■ **Work to complete**: Look through the entries below and copy exactly the part that begins with the line containing "Felgengutachten / abe" and ends with the line containing "A soft floor". Do not copy the pictures.

■ **Supplied material**:
★ ★ ★ ★ ★
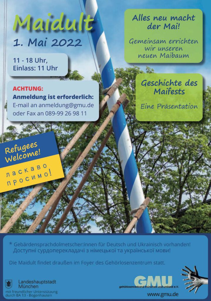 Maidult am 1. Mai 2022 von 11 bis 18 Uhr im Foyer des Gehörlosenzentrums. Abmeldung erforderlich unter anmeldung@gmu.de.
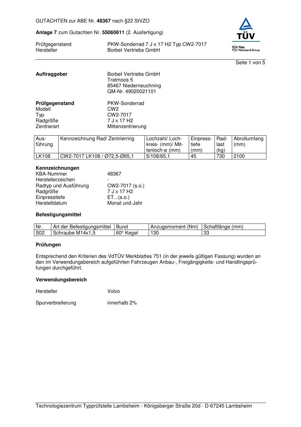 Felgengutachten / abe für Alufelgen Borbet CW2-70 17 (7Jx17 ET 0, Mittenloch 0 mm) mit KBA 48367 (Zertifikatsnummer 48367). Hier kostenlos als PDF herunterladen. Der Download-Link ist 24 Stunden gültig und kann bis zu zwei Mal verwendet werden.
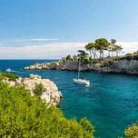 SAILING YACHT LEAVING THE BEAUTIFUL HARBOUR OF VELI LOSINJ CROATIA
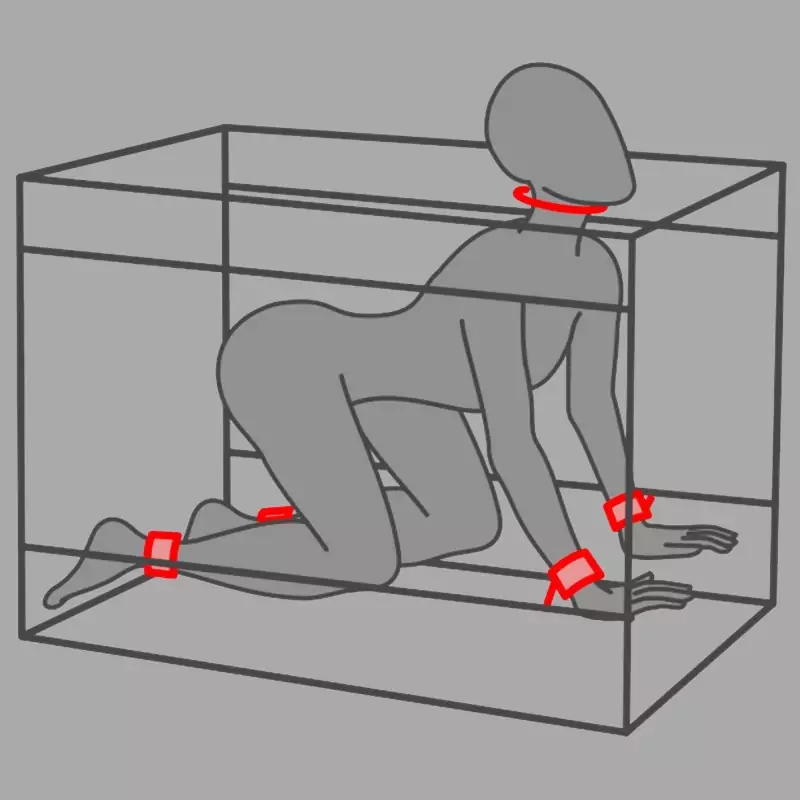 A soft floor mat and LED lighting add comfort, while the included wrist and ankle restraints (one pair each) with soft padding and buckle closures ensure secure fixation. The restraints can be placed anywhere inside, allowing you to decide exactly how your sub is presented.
★ ★ ★ ★ ★
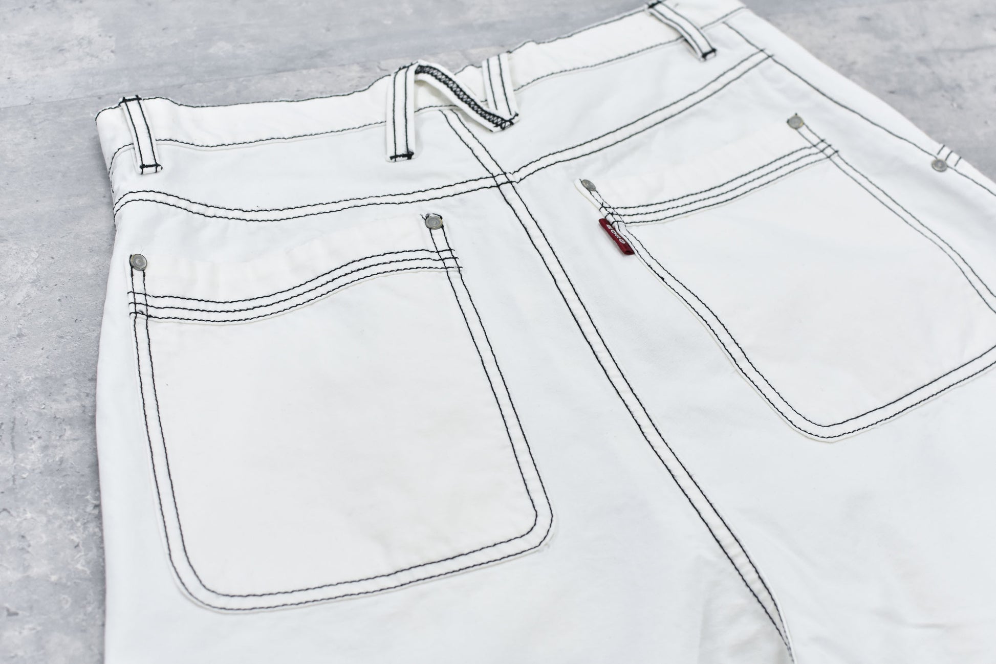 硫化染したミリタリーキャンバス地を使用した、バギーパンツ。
★ ★ ★ ★ ★
■ **Response to the exercise**:
 Felgengutachten / abe für Alufelgen Borbet CW2-70 17 (7Jx17 ET 0, Mittenloch 0 mm) mit KBA 48367 (Zertifikatsnummer 48367). Hier kostenlos als PDF herunterladen. Der Download-Link ist 24 Stunden gültig und kann bis zu zwei Mal verwendet werden.
 SAILING YACHT LEAVING THE BEAUTIFUL HARBOUR OF VELI LOSINJ CROATIA
 A soft floor mat and LED lighting add comfort, while the included wrist and ankle restraints (one pair each) with soft padding and buckle closures ensure secure fixation. The restraints can be placed anywhere inside, allowing you to decide exactly how your sub is presented.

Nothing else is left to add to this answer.